Julia Roberts As Harriet Tubman

Cynthia Erivo recently brought Harriet Tubman to life in Kasi Lemmons‘ biopic Harriet. But back in the 1990s, things could’ve gone very, very differently. According to Harriet screenwriter Gregory Allen Howard, an attempt to get the movie made back in 1994 resulted in one studio executive suggesting Julia Roberts for the role of the African-American abolitionist.

Hollywood has a bad habit of whitewashing certain roles, but this might be the most egregious example to date. Gregory Allen Howard, screenwriter of Harriet, has been working on getting the film made for at 25 years, and back in the ’90s, one studio head had a questionable (to say the least) casting idea to play the famous abolitionist.

As Allen said during a recent Q&A:

“Harriet, which was set up at Disney 26 years ago, was my first assignment. When I got in the business, I wanted to tell these historical stories by turning them into entertainment. I didn’t want to give history lessons. I wanted to turn Harriet Tubman’s life, which I’d studied in college, into an action-adventure movie. The climate in Hollywood, however, was very different back then. I was told how one studio head said in a meeting, ‘This script is fantastic. Let’s get Julia Roberts to play Harriet Tubman.’ When someone pointed out that Roberts couldn’t be Harriet, the executive responded, ‘It was so long ago. No one is going to know the difference.'”

Thankfully, the Julia Roberts-starring Harriet never happened – not to say Roberts would’ve even accepted the part, of course.
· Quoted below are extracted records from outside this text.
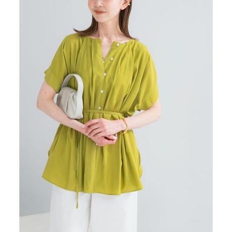 繊細なタックディテールが印象的な、上品さと軽さを兼ね備えたブラウス。ほどよい光沢と落ち感のある素材を使用し、すっきりとした着こなしを叶えます。ネックラインからランダムに施されたタックが立体感を生み、シンプルながらも表情のある一枚に。広めのカフスがさりげなくアクセントとなり、気になるラインを拾いにくいのもポイントです。後ろはボタン開きのデザインで、バックスタイルにも抜け感をプラス。付属のウエストリボンでシルエットのアレンジができ、着こなしの幅が広がります。
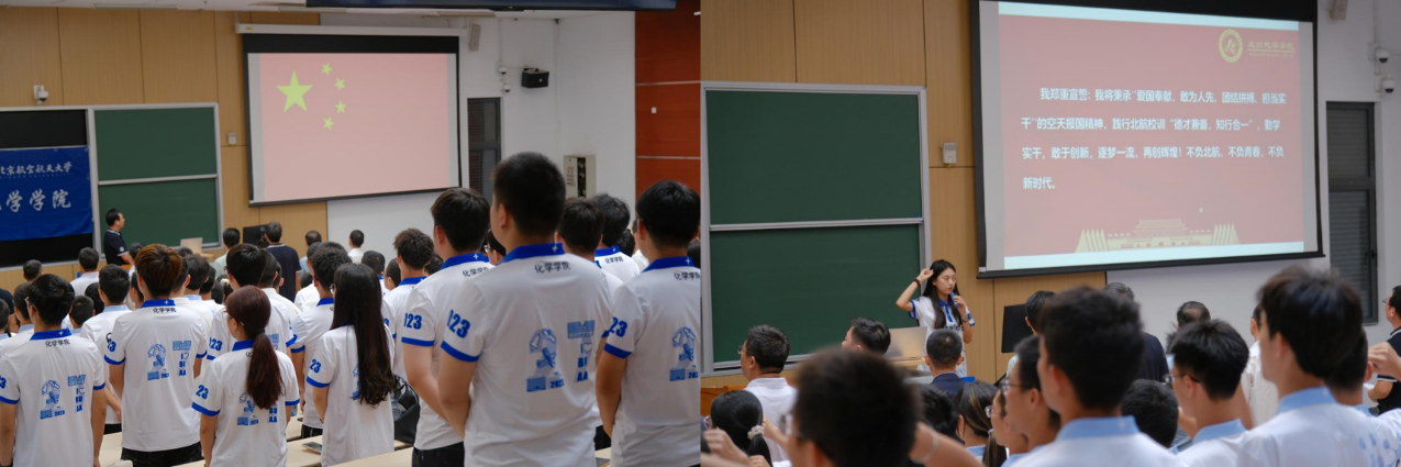 大会在庄严的国歌声中拉开了帷幕。齐唱雄壮的国歌后,集体观看《今日北航beat365中文唯一官网》,该视频生动形象地展现了beat365中文唯一官网的发展历程以及昂扬向上的精神风貌。随后,由beat365中文唯一官网教师代表李景老师、学生代表李超、丁索琪、盛昱皓、丁乙、崔雪纯同学依次发言。均讲述了对化学的热爱和追求以及对新生活的期待,展现了化院人有梦想、有勇气、有决心、有毅力的昂扬精神。在崔雪纯同学的领誓下,全体新生庄严宣誓,不负北航,不负青春,不负新时代!
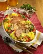 For the dumplings, mix the fat with the whisk of the hand mixer until foamy. Stir in eggs one after the other, season with salt and nutmeg. Mix 400 g flour with baking powder, sieve and add.
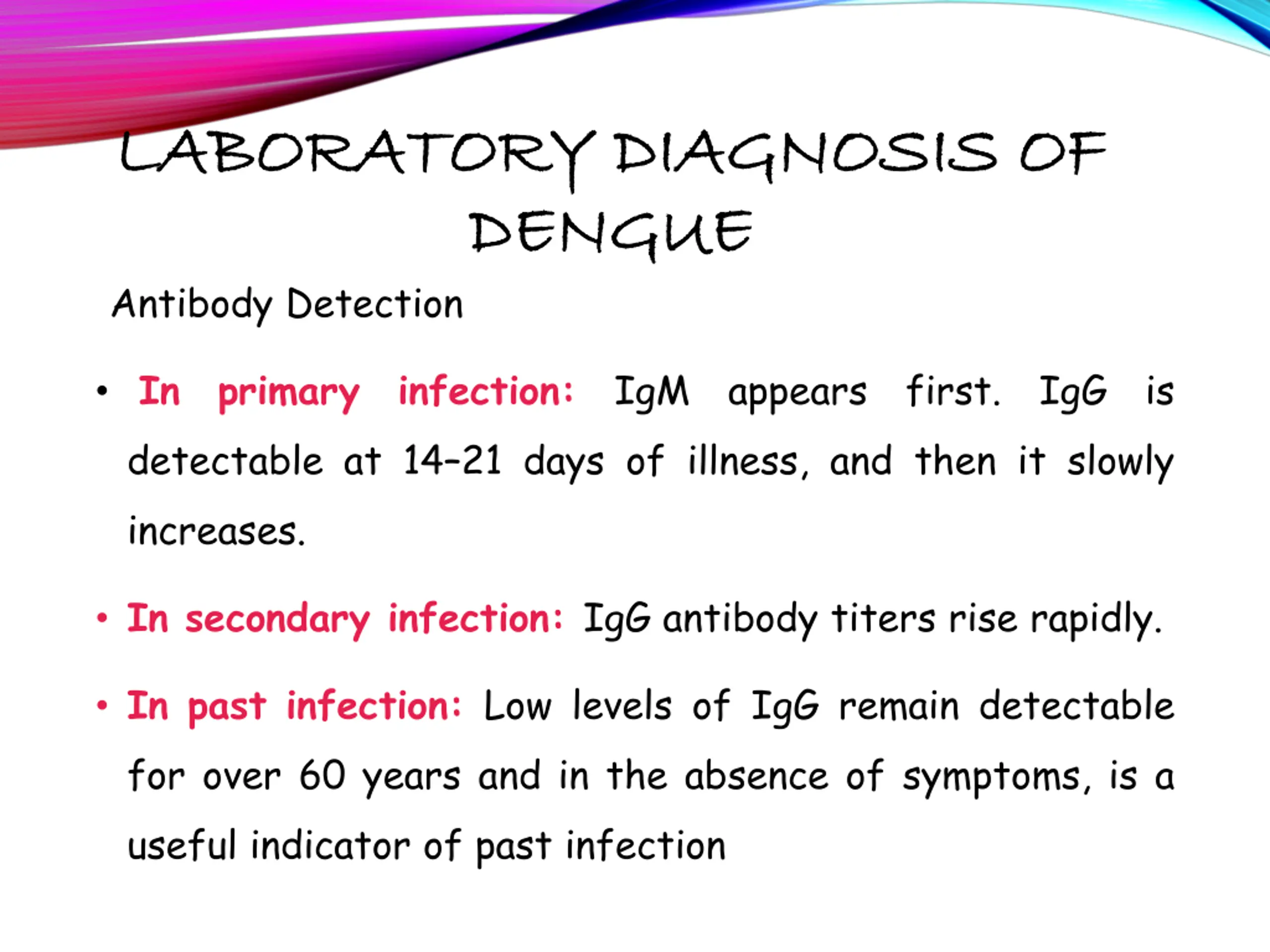 LABORATORY DIAGNOSIS OF LABORATORY DIAGNOSIS OF DENGUE DENGUE Antibody Detection In detectable at 14 21 days of illness, and then it slowly increases. primary infection: IgM appears first. IgG is In secondary infection: IgG antibody titers rise rapidly. In past infection: Low levels of IgG remain detectable for over 60 years and in the absence of symptoms, is a useful indicator of past infection

In any case, Howard’s statement shows how clueless and tone-deaf certain people with positions of power can be. While I think Hollywood has improved in the years since they still have a long way to go.

Howard went on to add that the Harriet languished, unmade, for years, until the success of two films: “When 12 Years a Slave became a hit and did a couple hundred million dollars worldwide, I told my agent, ‘You can’t say this kind of story won’t make money now.’ Then Black Panther really blew the doors open.” Mercifully, when Harriet finally did get made, no one suggested Julia Roberts for the lead again.